When most people read this headline, they would expect the following story to be about injury, death and loss. They may also be prepared to bemoan the Young Offenders Act and its ineffectiveness at controlling young members of our community. This is a very different story.

Leandra is a 17-year-old high school student in Lethbridge. She is a very nice young lady. She is not the top of her class academically. She is not allowed to participate in the highly competitive sports activities at her school because she didn’t make the “cut”. Leandra is a very nice young lady who is now actively involved in the safe, responsible use of guns.

Leandra and her parents have taken a firearm safety course called the “Black Badge” course. This course is specifically designed for teaching people to shoot International Practical Shooting Confederation (IPSC) matches. The course is intense and for safety’s sake the format is very rigid. However, once the safety and responsible use aspects are adopted fully, participating is all just fun and exciting!

Leandra, and her parents, now enjoy participating in IPSC matches. There are no “cuts” in shooting. Everyone can participate and compete to the level of their ability. From a competitive aspect, Leandra is really competing against herself. On the firing line, from a responsibility aspect, she is equal to every other participant. No titles, (Doctor, lawyer, etc) have any use or validity at the shooting range.

A firearm is often thought of as an implement of destruction, which can only render heartache, injury and death. In Leandra’s case, her firearm is a tool to personal development, responsibility, growth and fun.

As an added bonus, her high school is willing to give her credit towards her high-school diploma for participating and successfully mastering the safe, responsible use of firearms. Perhaps this is the sort of proactive approach which would eliminate those negative stories of inappropriate firearm use.

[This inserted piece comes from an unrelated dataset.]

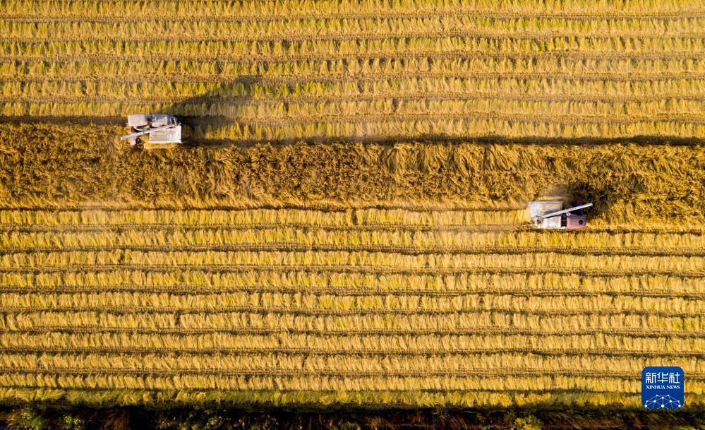 在寧夏銀川市賀蘭縣立崗鎮永華村,農民操作機械收割水稻(10月10日攝,無人機照片)。

All Alberta high schools allow students to apply for special credits. If the course of studies meets the high school’s criteria, the student receives five credits towards her high school diploma. In Leandra’s case, her proposal was as follows;

Instruction in the safe use of a handgun during practices held once a week. This includes the setting up of a course of fire, scoring and the practice of improving her marksmanship. Time commitment – Approximately 50 hours.

The Successful completion of the IPSC Black Badge Course. Time commitment – Approximately 20 hours.

The successful completion of both non-restricted and restricted Canadian Firearms Safety Courses. Time commitment – Approximately 14 hours.

The hosting of the IPSC booth at the Firearms trade show held Feb. 14 and 15, 2004 in Lethbridge. Time commitment – Approximately 12 hours.

Instruction on reloading ammunition, firearm care and firearm maintenance. Time commitment – Approximately 5 hours.

Participating in 3 IPSC qualifier matches: March 7, 2004 at the Shooting Edge in Calgary, April 4, 2004 at Phoenix Range in Edmonton and May 1 and 2, 2004 at the Lethbridge Fish and Game range In Lethbridge. Time commitment – Approximately 24 hours.

The Documenting of her progress by use of still photos and video. Time commitment – Approximately 3 hours

Three shooting groups assisted Leandra in achieving her extra high school credits and in her education of how to use firearms safely. One individual in particular, Walter Hornby, Section Coordinator of IPSC Alberta, played the key role in bringing the “Aiming for Credits” program to reality. Thank-you Walter! IPSC Alberta, Chinook Country Shooters Club and Southern Alberta Firearms Education Society (SAFE Society) are interested in helping more people like Leandra adopt safe and responsible practices and attitudes about firearms.

We encourage other shooting clubs to follow this format with their younger members. Although this program was successfully achieved through training, instruction and use of a pistol, there is no reason why shotgun or rifle clubs couldn’t achieve the same result.